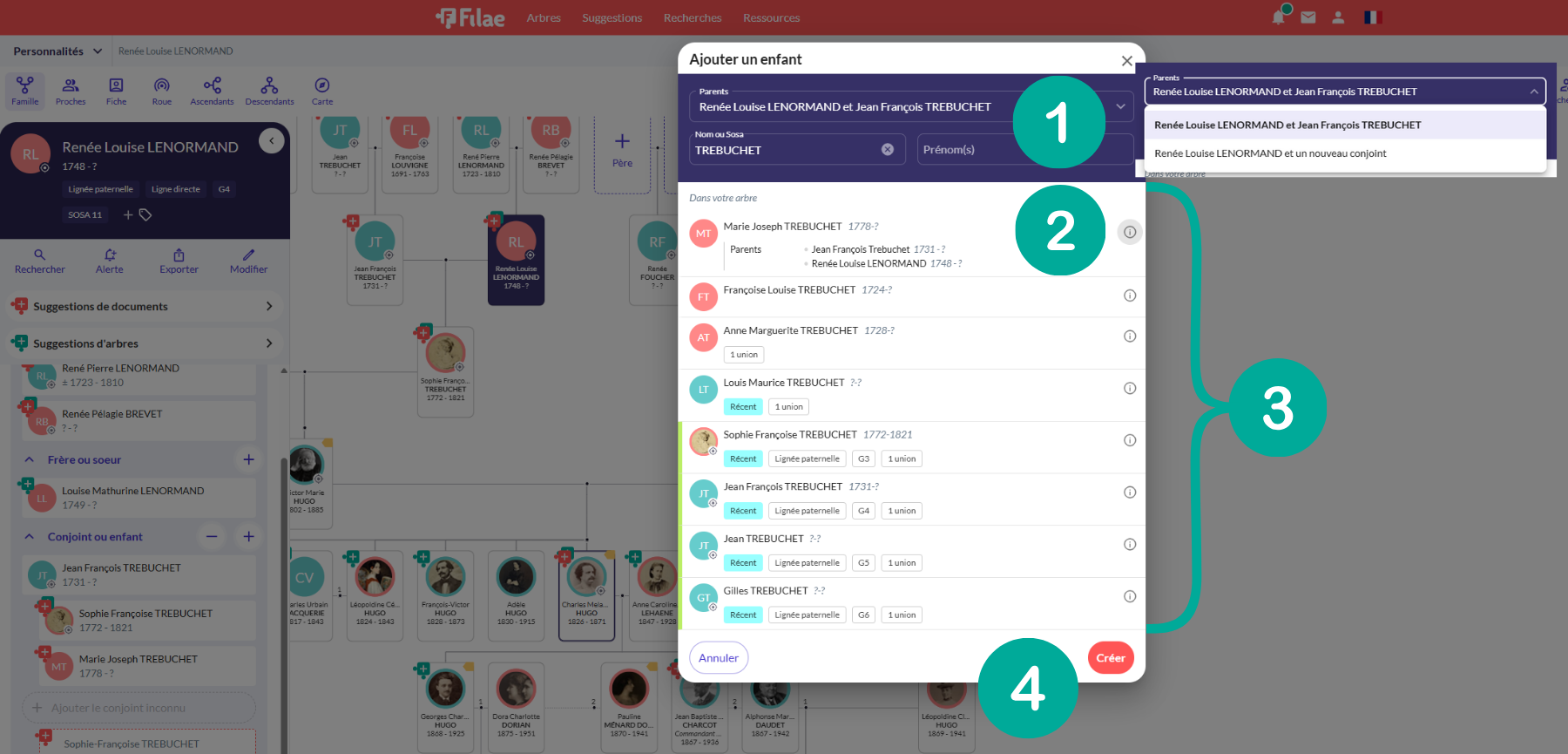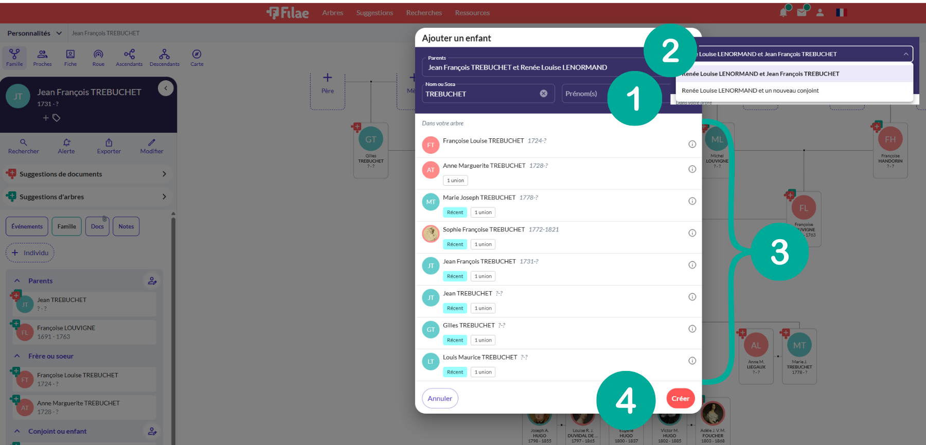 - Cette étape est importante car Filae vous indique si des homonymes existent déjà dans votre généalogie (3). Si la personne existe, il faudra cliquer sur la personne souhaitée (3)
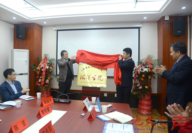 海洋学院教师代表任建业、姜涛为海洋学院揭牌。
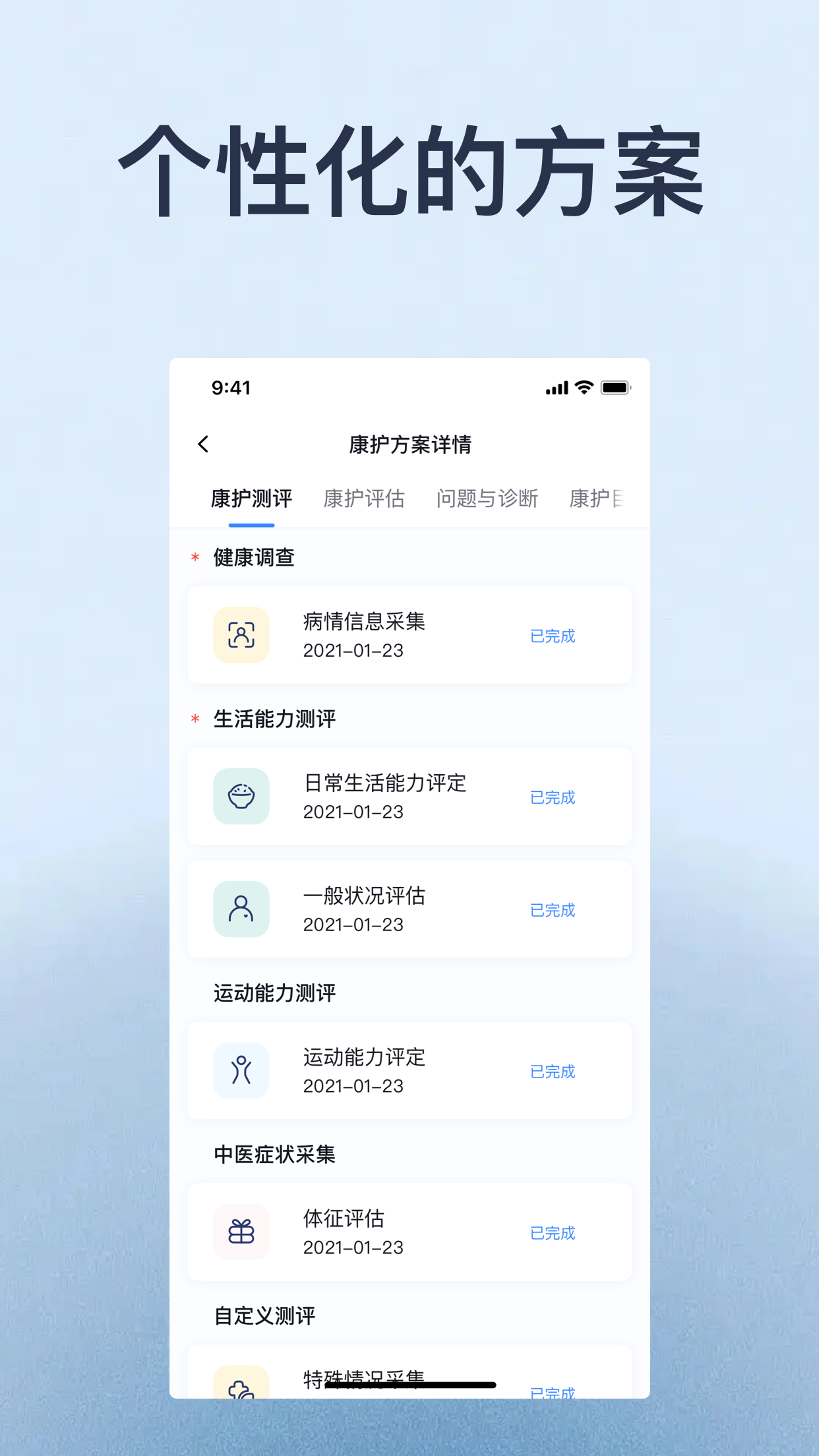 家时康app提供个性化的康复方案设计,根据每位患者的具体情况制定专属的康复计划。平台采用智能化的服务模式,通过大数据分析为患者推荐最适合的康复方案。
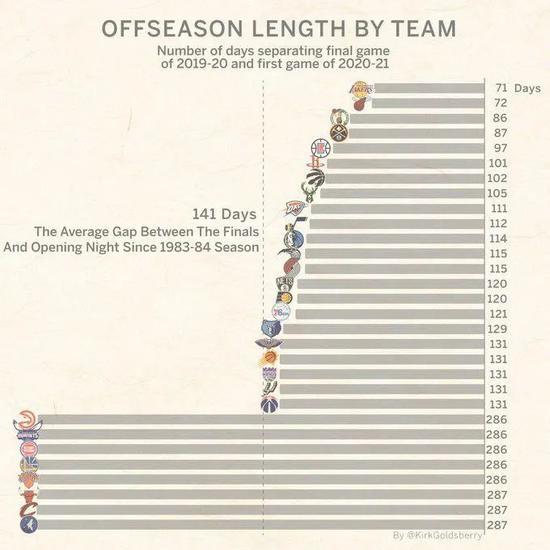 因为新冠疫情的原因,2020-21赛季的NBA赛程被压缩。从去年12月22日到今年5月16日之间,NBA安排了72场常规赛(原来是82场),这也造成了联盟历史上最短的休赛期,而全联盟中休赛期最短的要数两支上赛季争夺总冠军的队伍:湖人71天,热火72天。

**What the exercise asks:** Could you print the data exactly as it appears and keep the pictures out?

**Your response:**
 - Cette étape est importante car Filae vous indique si des homonymes existent déjà dans votre généalogie (3). Si la personne existe, il faudra cliquer sur la personne souhaitée (3)
 海洋学院教师代表任建业、姜涛为海洋学院揭牌。
 家时康app提供个性化的康复方案设计,根据每位患者的具体情况制定专属的康复计划。平台采用智能化的服务模式,通过大数据分析为患者推荐最适合的康复方案。
 因为新冠疫情的原因,2020-21赛季的NBA赛程被压缩。从去年12月22日到今年5月16日之间,NBA安排了72场常规赛(原来是82场),这也造成了联盟历史上最短的休赛期,而全联盟中休赛期最短的要数两支上赛季争夺总冠军的队伍:湖人71天,热火72天。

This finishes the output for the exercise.